Bucaille, J.M. Pesez, «Cultura materiale», in Enciclopedia Einaudi, op cit, Vol. V. IV, p. 271-305).
8
Estetizzazione: un valore aggiunto che non costituisce certo un obiettivo, ma che può rivelarsi un fattore decisivo anche
nella apparente strumentalità dell’esercizio.
3 Istruzioni d’uso
Il pomeriggio del primo giorno si formeranno 2 gruppi.
Il gruppo «vuoti» e il gruppo «pieni»…entrambi a rendere J
Edifici: 5 (1: manica lunga, 2: torre, 3: ed. a punta, 4: silos, 5: ed. ganascia)
Funzioni: serra (accoglie attività), teca (accoglie oggetti)
Elaborati finali: n.2 tavole 50x50 (set design, abaco) x progetto, n.1 plastico 1:200 per gruppo
G. VUOTI
Il gruppo Vuoti si articolerà in sotto-gruppi, ciascuno dei quali svilupperà una ipotesi progettuale
basata sulla definizione degli spazi interstiziali, dei vuoti TRA gli edifici (in-between).
Il vuoto dovrà trovare una propria forma attraverso il progetto di involucri che possano includere lo
spazio tra almeno due edifici. I sottogruppi dovranno scegliere lo spazio interstiziale (“braccio”) tra
uno dei nove presenti nell’area: tra gli edifici 1-2, 1-3, 1-4, 1-5, 2-4, 3-4, 3-5, 4-4, 5-4.
Al termine della seconda settimana verranno costituite 2 strutture operative: la prima formata da un
rappresentante di ciascuno dei sotto-gruppi (che hanno elaborato un proprio progetto) e la seconda che includerà tutti gli altri.
La prima struttura dovrà elaborare un modello che in scala 1:200 rappresenti l’insieme delle ipotesi
progettuali messe a punto durante le prime due settimane.

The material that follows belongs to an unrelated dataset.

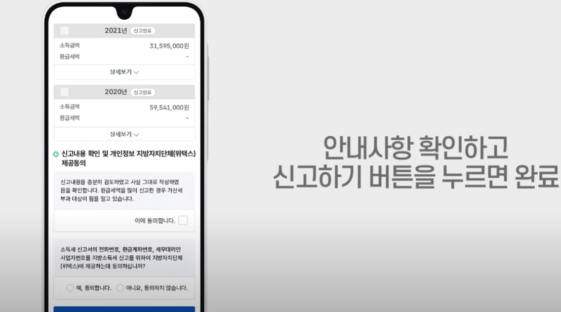 클릭 한 번으로 가능한 국세청 원클릭환급서비스
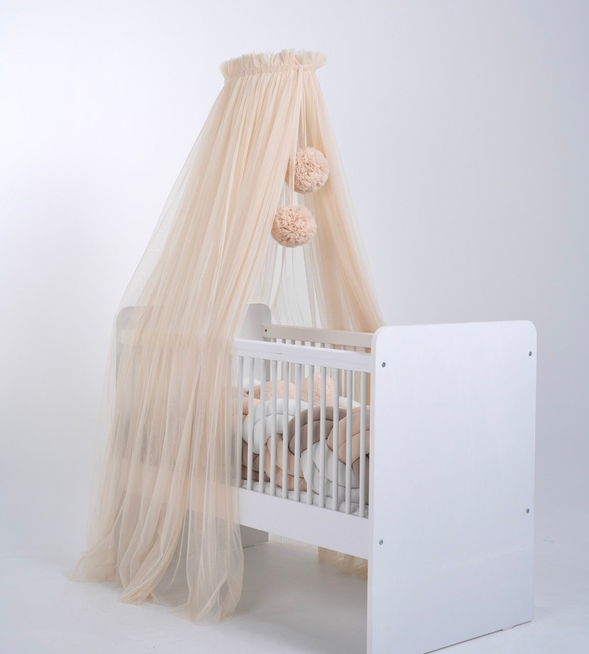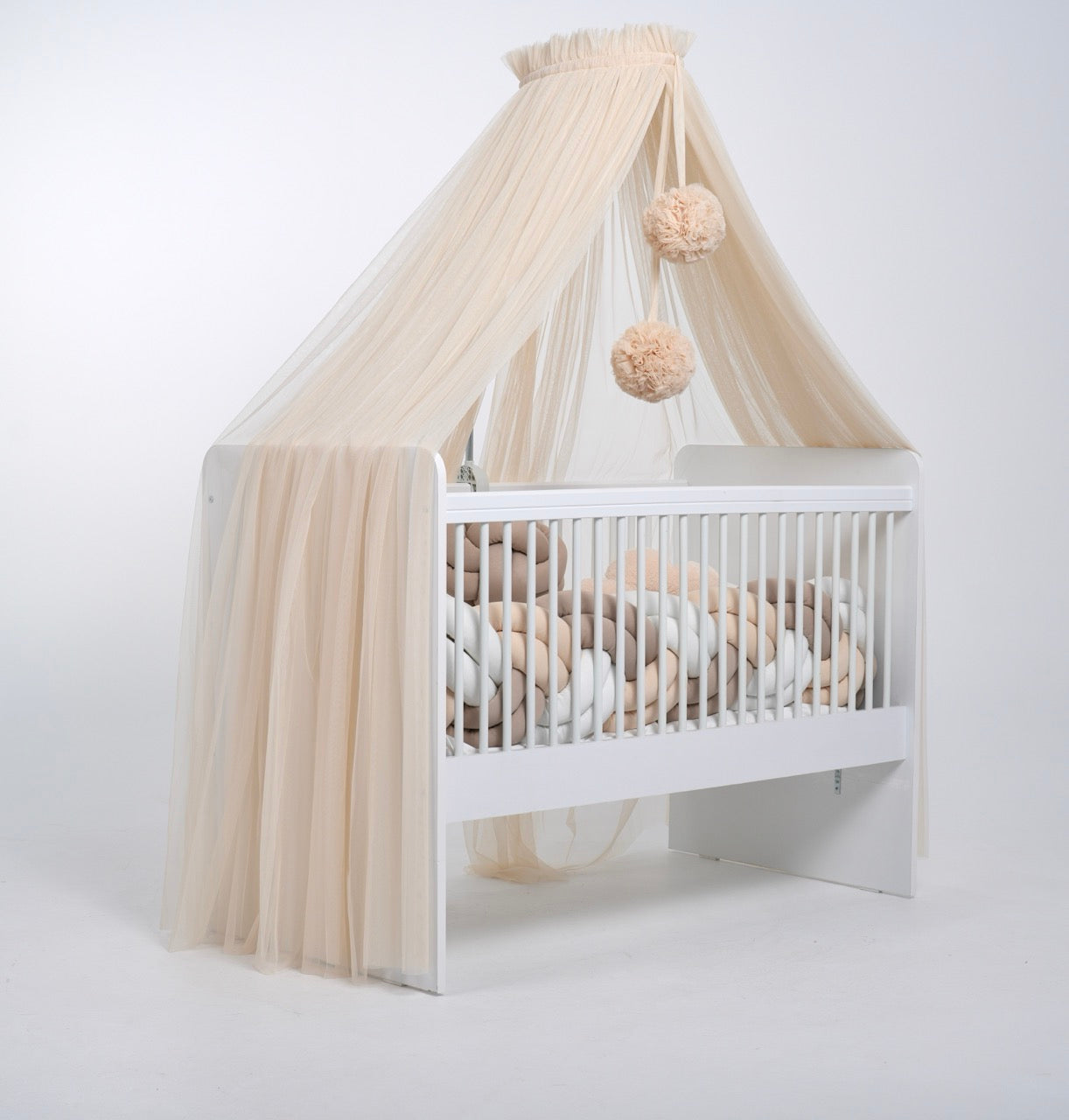 Dieser exklusive Deluxe Betthimmel aus besonders feinem, hochwertigem Tüll wird garantiert zum Highlight im Babyzimmer. Mit einer Stofffülle von 12 Metern sorgt er für einen traumhaft voluminösen Fall und verleiht dem Babybett eine elegante und luxuriöse Note.

La seconda struttura provvederà a curare la rappresentazione grafica dei singoli progetti facendo
particolare attenzione a due tipi di elaborati: restituzioni prospettiche ricavate da modellazioni digitali (set design), rappresentazioni sinottiche delle soluzioni di dettaglio individuate e delle sezioni/profili delle sagome che descriveranno i nuovi spazi (abachi).
G. PIENI
Il gruppo Pieni si articolerà in sotto-gruppi, ognuno dei quali svilupperà ipotesi progettuali relative a
ciascuno dei 5 manufatti presenti in area, considerandoli come pre-esistenze definite dai propri perimetri e dalla propria struttura.

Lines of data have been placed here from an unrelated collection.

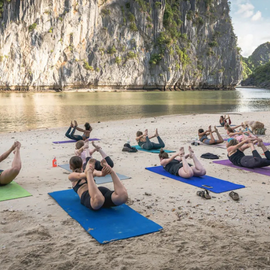After practicing yoga and visiting cultural sites in Hanoi, embark on a luxury cruise in Ha Long Bay. Enjoy a delicious lunch while admiring the stunning rock formations, and take part in activities such as bamboo rowing, swimming, sunset cocktail parties, and cooking classes. Dinner, squid fishing, and relaxation on the cruise.
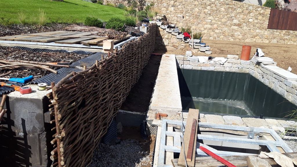 Centrálním prvkem celé realizace se stalo koupací jezírko, které jsme vybudovali včetně kompletní technologie pro biologické čištění vody. Jezírko bylo navrženo tak, aby se přirozeně začlenilo do terénu a vytvořilo příjemné místo pro relaxaci a osvěžení. Provedli jsme veškeré zemní práce, hydroizolaci, instalaci filtrační technologie a osazení vodních a pobřežních rostlin.
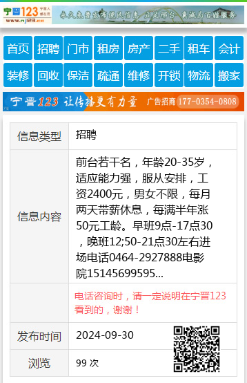 前台若干名,年龄20-35岁,适应能力强,服从安排,工资2400元,男女不限,每月两天带薪休息,每满半年涨50元工龄。早班9点-17点30,晚班12;50-21点30左右进场电话0464-2927888电影院15145699595 【电话咨询时,请一定说明在七台河信息网看到的,谢谢!】 |
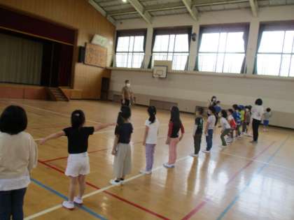 体育館では,体を動かしました。みんなで同じ動きを合わせてする遊びをしましたが,楽しそうに体を動かしている姿が見られました。
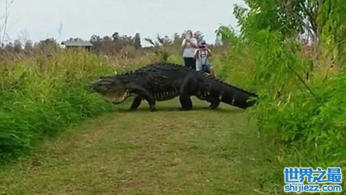 谈起美国佛罗里达州,很多人都会想起当地经常有巨鳄横行。有民众日前在当地一个自然保育区郊游时,遇上一条超巨型鳄鱼从草丛爬出。由于这条鳄鱼异常巨大,令人感觉回到史前世纪,看见“恐龙”出没一样。
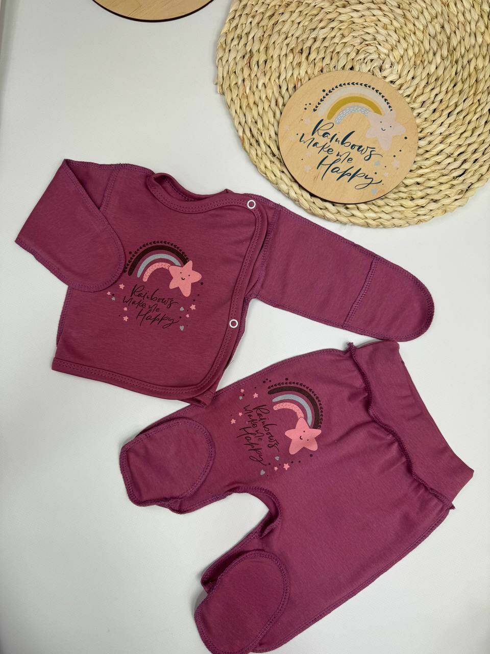 Универсальный и практичный комплект для новорождённого состоит из распашонки и ползунков, сшитых из нежного трикотажа интерлок (100% хлопок). Он станет незаменимым в гардеробе малыша с первых дней жизни: подходит для дома, прогулок и выписки.

Gli scenari progettuali potranno articolarsi a varia scala (SML): dalla previsione di involucri che inglobino l’intero edificio considerato, alla proposta di sostituzione di parti, di addizioni, di inclusioni
eccetera.
La terza settimana ciascun sotto-gruppo si dedicherà alla realizzazione del proprio plastico, sempre in scala 1:200, e alla elaborazione dei grafici: restituzioni prospettiche ricavate da modellazioni
digitali (set design), rappresentazioni sinottiche delle soluzioni di dettaglio individuate e delle opportunità combinatorie che le varie ipotesi progettuali possano prospettare (abachi).